Material to process:
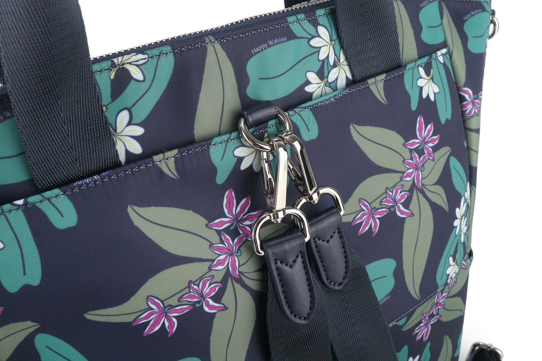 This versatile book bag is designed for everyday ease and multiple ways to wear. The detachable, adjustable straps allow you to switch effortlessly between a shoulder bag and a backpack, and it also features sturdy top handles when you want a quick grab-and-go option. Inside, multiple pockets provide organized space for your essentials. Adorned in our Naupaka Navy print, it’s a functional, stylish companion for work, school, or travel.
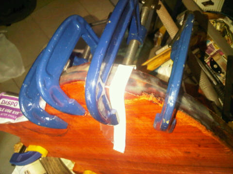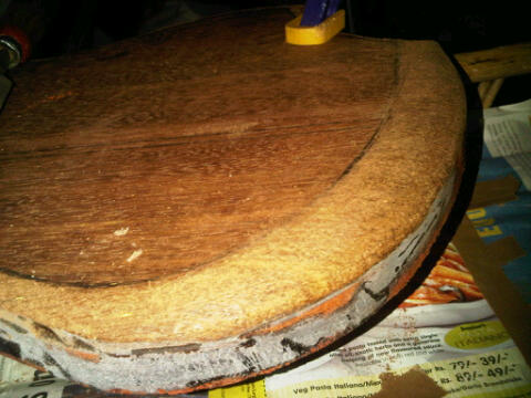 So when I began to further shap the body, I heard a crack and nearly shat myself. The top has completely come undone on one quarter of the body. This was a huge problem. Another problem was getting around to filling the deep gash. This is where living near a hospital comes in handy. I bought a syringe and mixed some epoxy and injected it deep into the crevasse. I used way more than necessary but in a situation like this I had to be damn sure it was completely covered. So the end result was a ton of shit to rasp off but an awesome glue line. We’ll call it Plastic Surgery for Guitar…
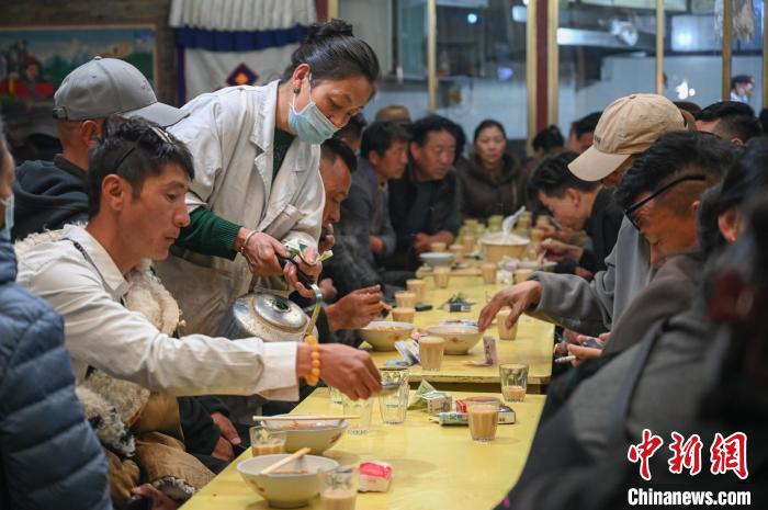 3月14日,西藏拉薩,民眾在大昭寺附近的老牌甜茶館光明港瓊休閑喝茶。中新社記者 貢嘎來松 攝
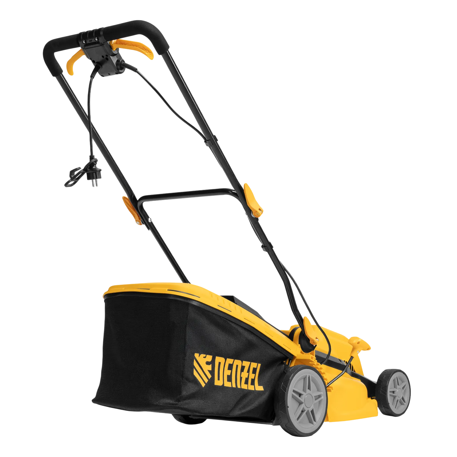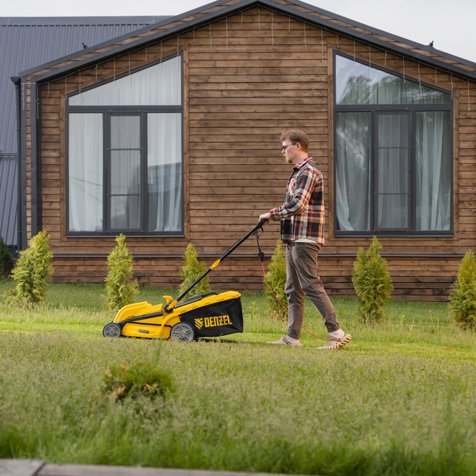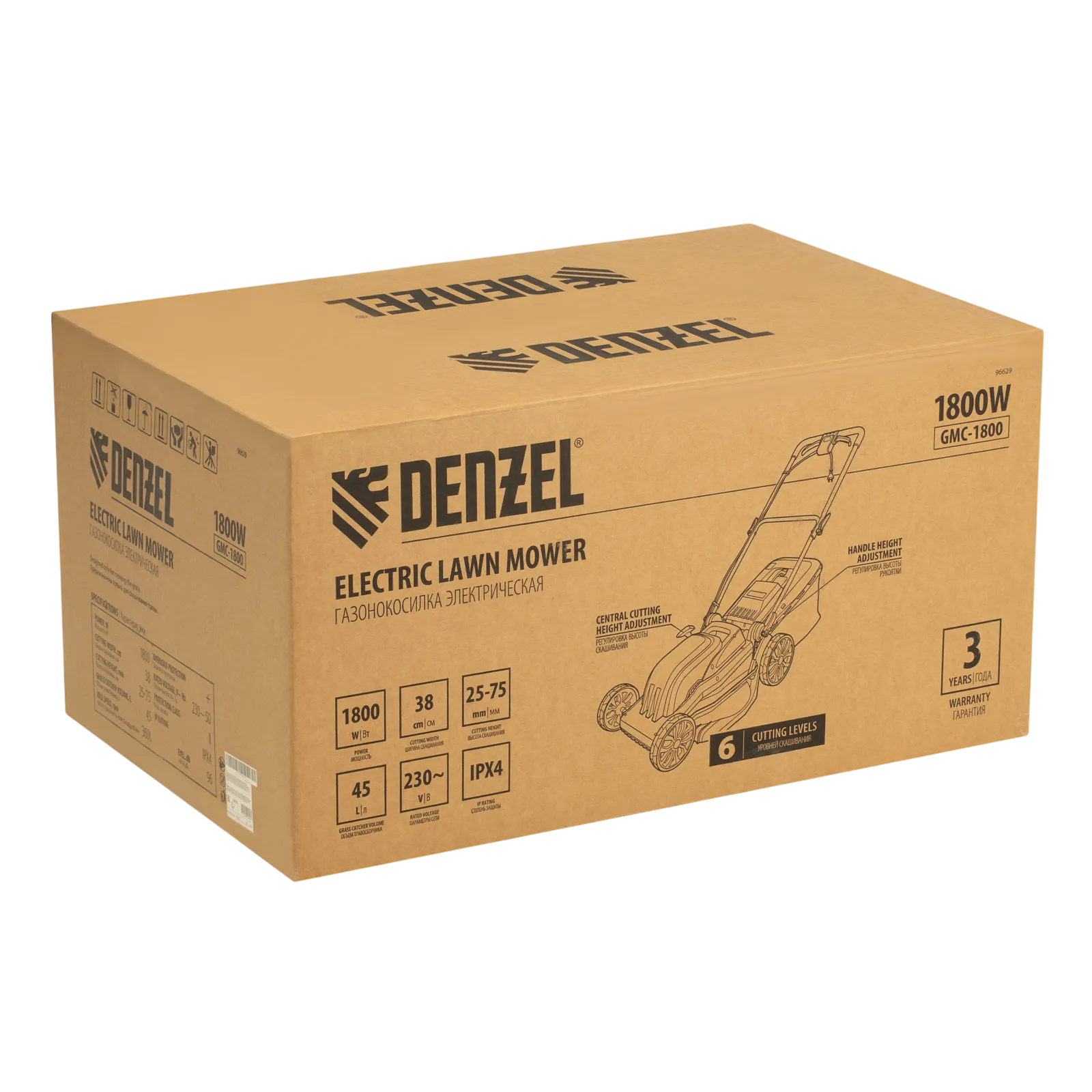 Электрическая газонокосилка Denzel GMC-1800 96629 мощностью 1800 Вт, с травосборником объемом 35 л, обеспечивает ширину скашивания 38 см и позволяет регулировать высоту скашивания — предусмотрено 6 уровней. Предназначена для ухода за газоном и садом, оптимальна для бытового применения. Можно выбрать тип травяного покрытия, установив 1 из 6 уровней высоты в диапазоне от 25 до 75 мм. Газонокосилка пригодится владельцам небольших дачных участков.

* * *

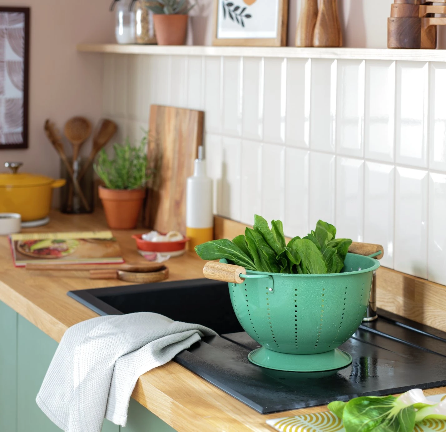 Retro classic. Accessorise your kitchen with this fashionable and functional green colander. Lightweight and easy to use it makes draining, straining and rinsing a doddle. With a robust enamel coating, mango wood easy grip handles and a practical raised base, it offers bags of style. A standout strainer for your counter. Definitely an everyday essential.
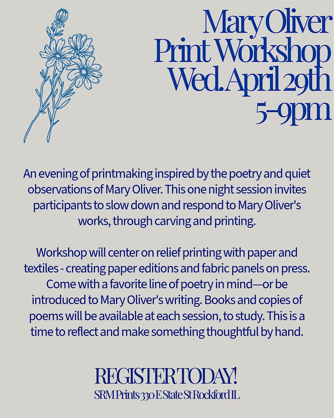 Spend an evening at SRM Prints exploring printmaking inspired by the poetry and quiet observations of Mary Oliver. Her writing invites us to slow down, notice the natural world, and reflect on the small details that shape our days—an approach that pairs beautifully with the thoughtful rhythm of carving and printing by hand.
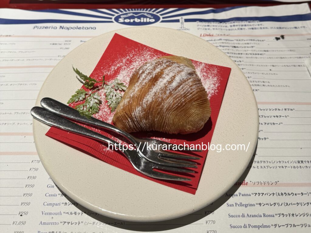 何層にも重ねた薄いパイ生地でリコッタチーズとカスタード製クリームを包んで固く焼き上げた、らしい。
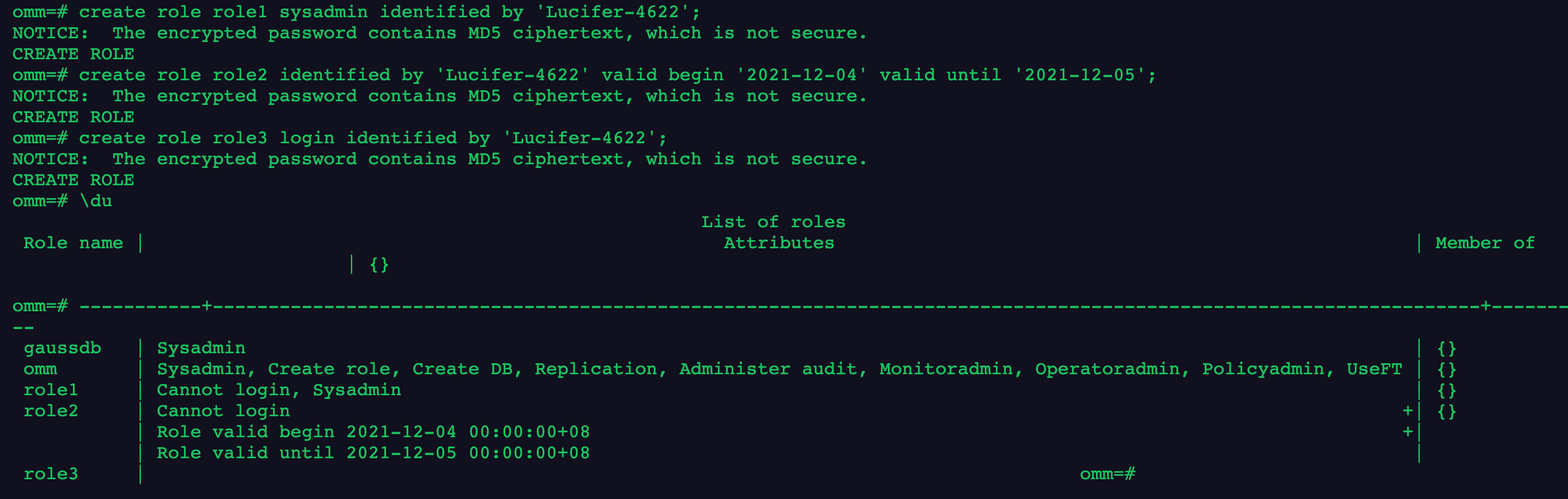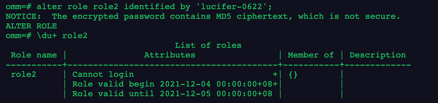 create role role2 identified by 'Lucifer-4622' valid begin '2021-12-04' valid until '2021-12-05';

Task prompt: Up in the listing, locate the line with "Spend an evening"; print it and every line after it down to the line with "create role role2", which is included too. Skip the pictures.

Response:
 Spend an evening at SRM Prints exploring printmaking inspired by the poetry and quiet observations of Mary Oliver. Her writing invites us to slow down, notice the natural world, and reflect on the small details that shape our days—an approach that pairs beautifully with the thoughtful rhythm of carving and printing by hand.
 何層にも重ねた薄いパイ生地でリコッタチーズとカスタード製クリームを包んで固く焼き上げた、らしい。
 create role role2 identified by 'Lucifer-4622' valid begin '2021-12-04' valid until '2021-12-05';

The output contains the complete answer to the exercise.